■ PROBLEM REQUIREMENTS: In the listing below, the lines starting at the line with "劳斯莱斯幻影举世闻名的星光饰" and ending at the line with "The February topic" are to be output verbatim. Images stay out of the copy.

■ PROVIDED INFORMATION:

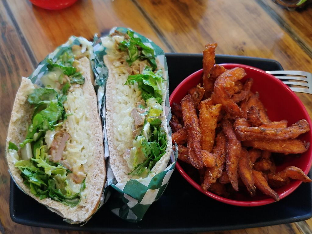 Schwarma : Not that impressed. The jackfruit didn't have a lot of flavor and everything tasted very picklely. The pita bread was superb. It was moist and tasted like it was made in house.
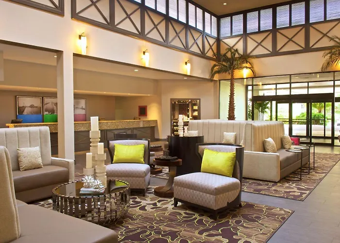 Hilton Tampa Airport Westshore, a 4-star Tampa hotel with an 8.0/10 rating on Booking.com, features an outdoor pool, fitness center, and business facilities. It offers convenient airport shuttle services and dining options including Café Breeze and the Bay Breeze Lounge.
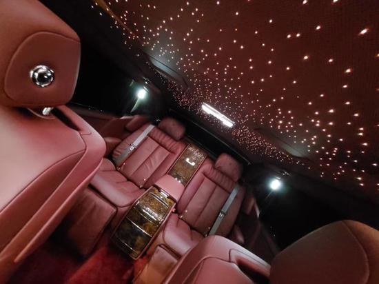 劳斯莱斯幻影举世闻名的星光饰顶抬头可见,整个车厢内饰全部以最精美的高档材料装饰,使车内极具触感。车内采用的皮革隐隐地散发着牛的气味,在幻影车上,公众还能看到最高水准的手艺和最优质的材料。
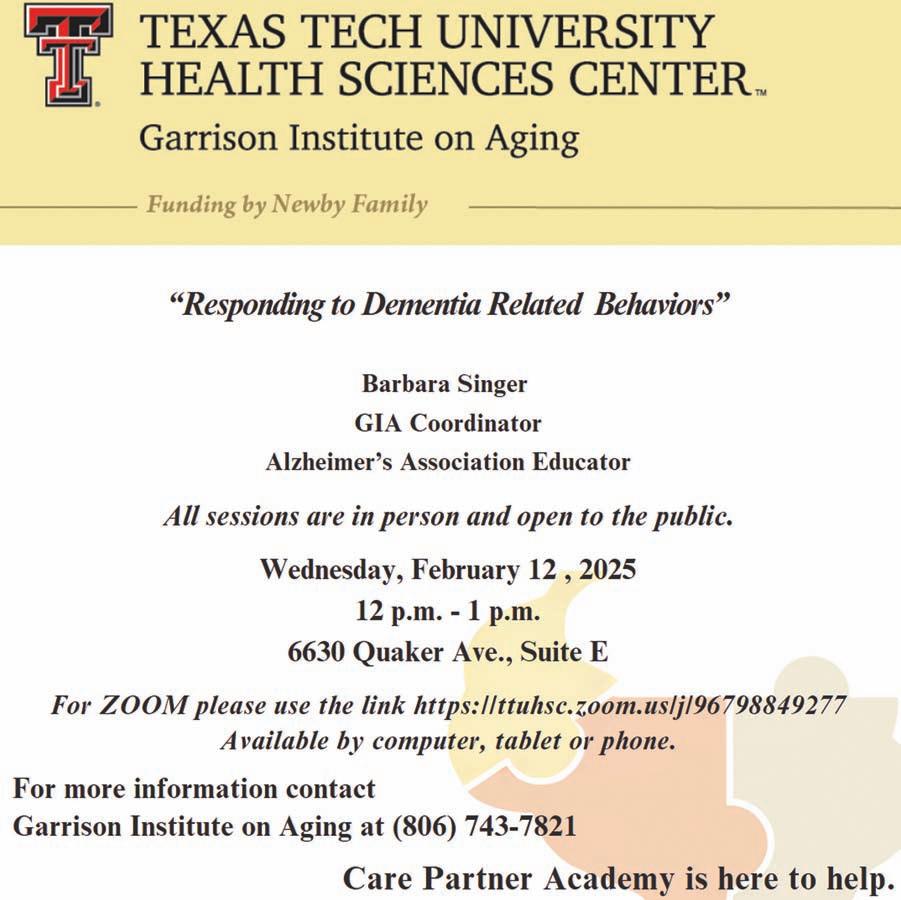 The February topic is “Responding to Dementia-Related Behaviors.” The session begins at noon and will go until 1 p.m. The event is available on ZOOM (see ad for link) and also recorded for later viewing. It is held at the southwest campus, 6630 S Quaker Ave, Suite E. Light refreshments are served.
==
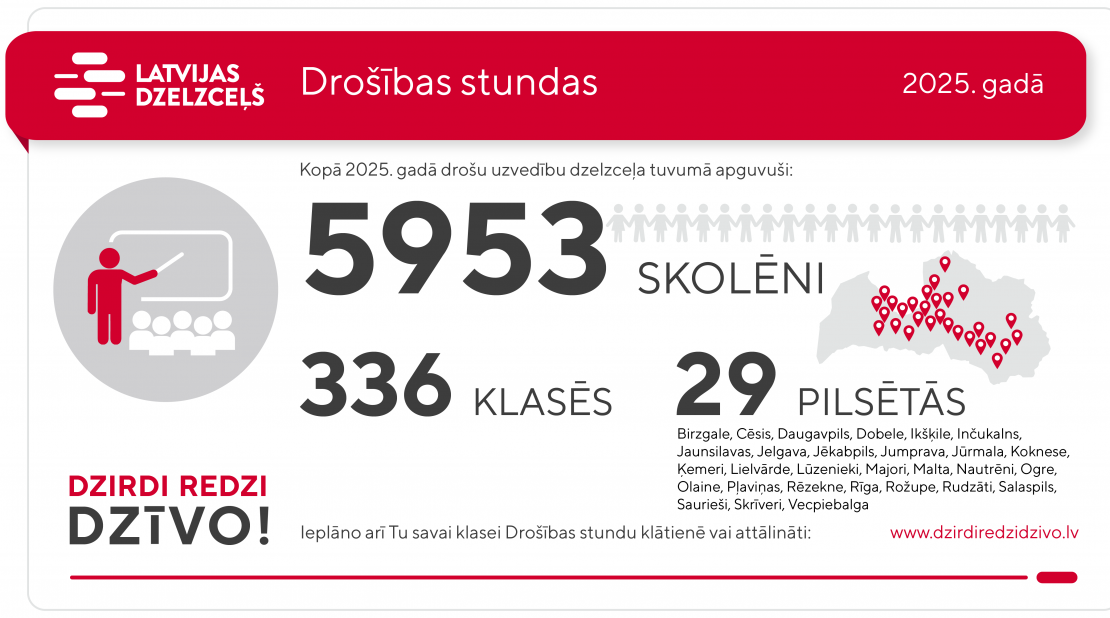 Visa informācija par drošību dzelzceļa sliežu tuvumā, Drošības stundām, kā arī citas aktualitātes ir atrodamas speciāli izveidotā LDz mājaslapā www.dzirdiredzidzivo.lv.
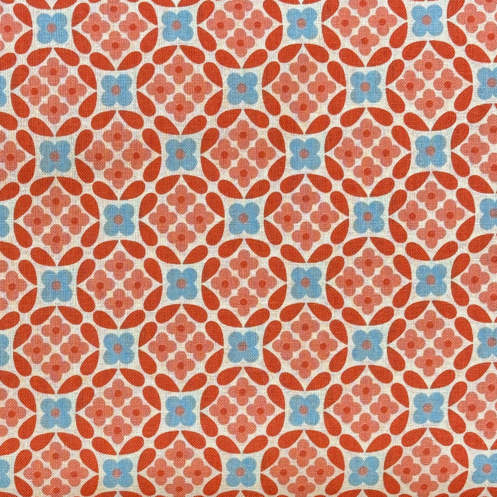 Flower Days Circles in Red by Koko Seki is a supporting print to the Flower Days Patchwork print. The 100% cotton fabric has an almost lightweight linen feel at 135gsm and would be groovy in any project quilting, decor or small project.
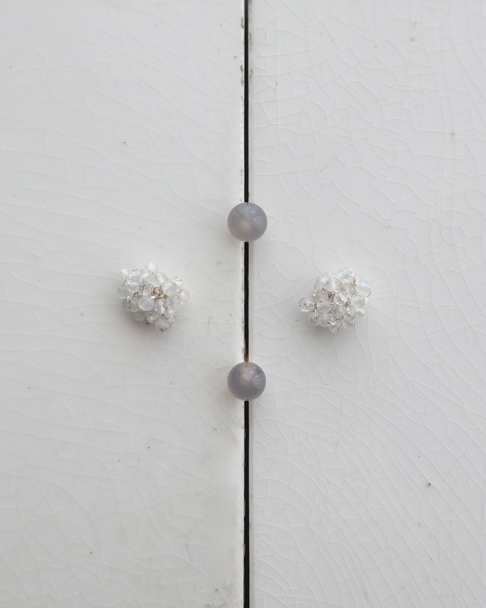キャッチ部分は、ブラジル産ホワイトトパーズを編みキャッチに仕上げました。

■ OUTPUT OF THE EXERCISE:
 劳斯莱斯幻影举世闻名的星光饰顶抬头可见,整个车厢内饰全部以最精美的高档材料装饰,使车内极具触感。车内采用的皮革隐隐地散发着牛的气味,在幻影车上,公众还能看到最高水准的手艺和最优质的材料。
 The February topic is “Responding to Dementia-Related Behaviors.” The session begins at noon and will go until 1 p.m. The event is available on ZOOM (see ad for link) and also recorded for later viewing. It is held at the southwest campus, 6630 S Quaker Ave, Suite E. Light refreshments are served.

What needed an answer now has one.